Surfer

Renegades of Punts

Ona November day on the North Shore of Oahu in 1995, two bleary-eyed surfers walked into Storto’s Deli in Haleiwa looking to eat just about everything in sight. While this may be a common, longstanding post-surf ritual on the North Shore, the conversation that transpired between eccentric aerialist Shawn “Barney” Barron and Surfing magazine editor Skip Snead, and its implications in the surf world, was anything but ordinary.

“I remember us talking about how there wasn’t a platform for what Barney and all the Santa Cruz guys were doing,” recalls Snead. “At the time, Barney, Ratboy [Jason Collins], Flea [Darryl Virostko] and their friends were consistently doing these incredible airs—probably the best in the world then. But airs were still really frowned upon by judges in most traditional contests.
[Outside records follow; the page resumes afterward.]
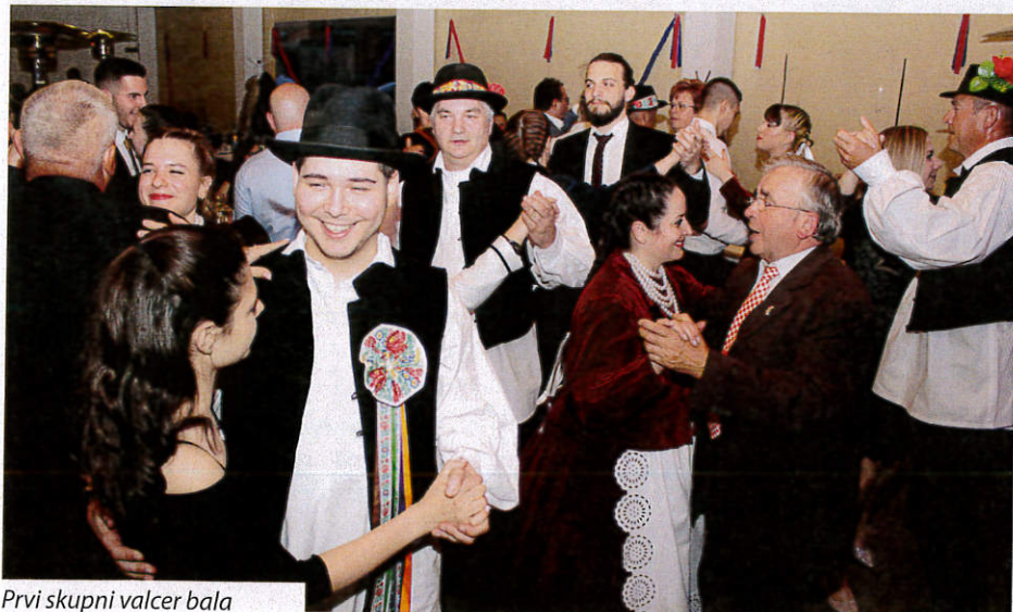
Prvi skupni valcer bala

Voditelj je rekao da Hrvatsko kulturno društvo je utemeljeno davnoga 1974. ljeta, odonda djela kontinuirano, prlje su bile kraće-duže stanke. Na plesnom repertoaru jednako su tanci matične zemlje, Hrvatske kot i koreografije Gradišća, a Undanci su majstori u insceniranju narodnih običajev. Ljetos su jur pozvani na pet mjesti u Hrvatskoj, na turneju u augustušu u Makedoniju, a to će se nek
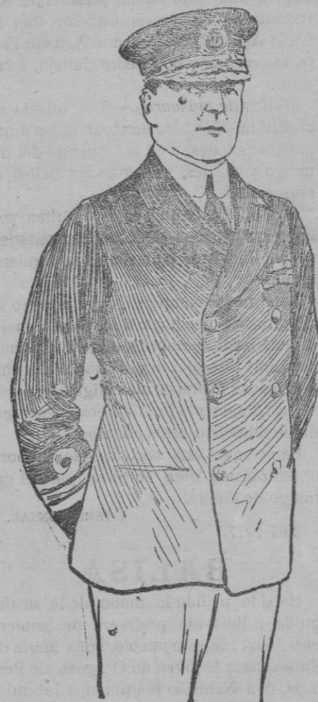
SIR DAVID BEATTY

comandante en jefe de la escuadra británica, a cuyas disposiciones se debe el último combate naval.
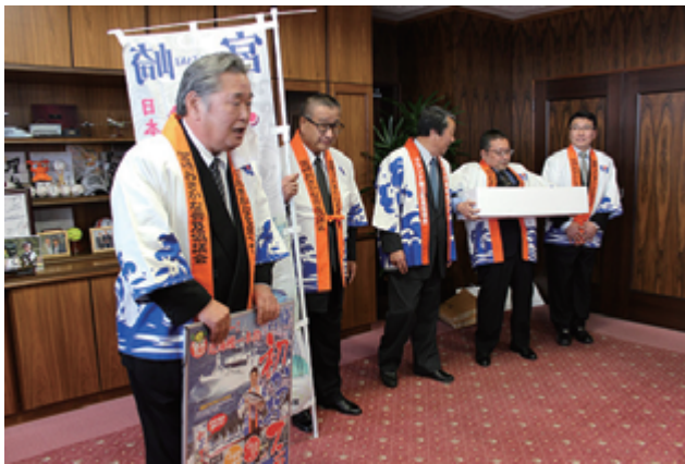
宮崎市長へ初かつおフェアのPRを兼ねて表敬訪問を行いました。

Barney and I thought, ‘What if we made a contest just for the air guys?’”

At the time, aerial surfing was progressing in quantum leaps and capturing the imaginations of surfers worldwide through surf films and magazine spreads, but it hadn’t been adopted by the World Tour surfers of the time and was still considered a fringe subculture. In fact, 5 years earlier, a group of World Tour surfers went so far as to pen a letter to SURFER complaining about the amount of coverage aerial pioneer and punk provocateur Christian Fletcher had been getting in the magazine

“False images are being created out of second-rate surfers at the expense of high-ranked professionals,” said the letter, signed by Jeff Booth, Barton Lynch, Damien Hardman and a host of other top-tier pros, which ran in a 1990 issue of SURFER. “It’s quite unfair to dedicate yourself to the sport, train hard and travel around the world, only to pick up a magazine and see a guy who spent his summer at Trestles on the cover and centerspread.”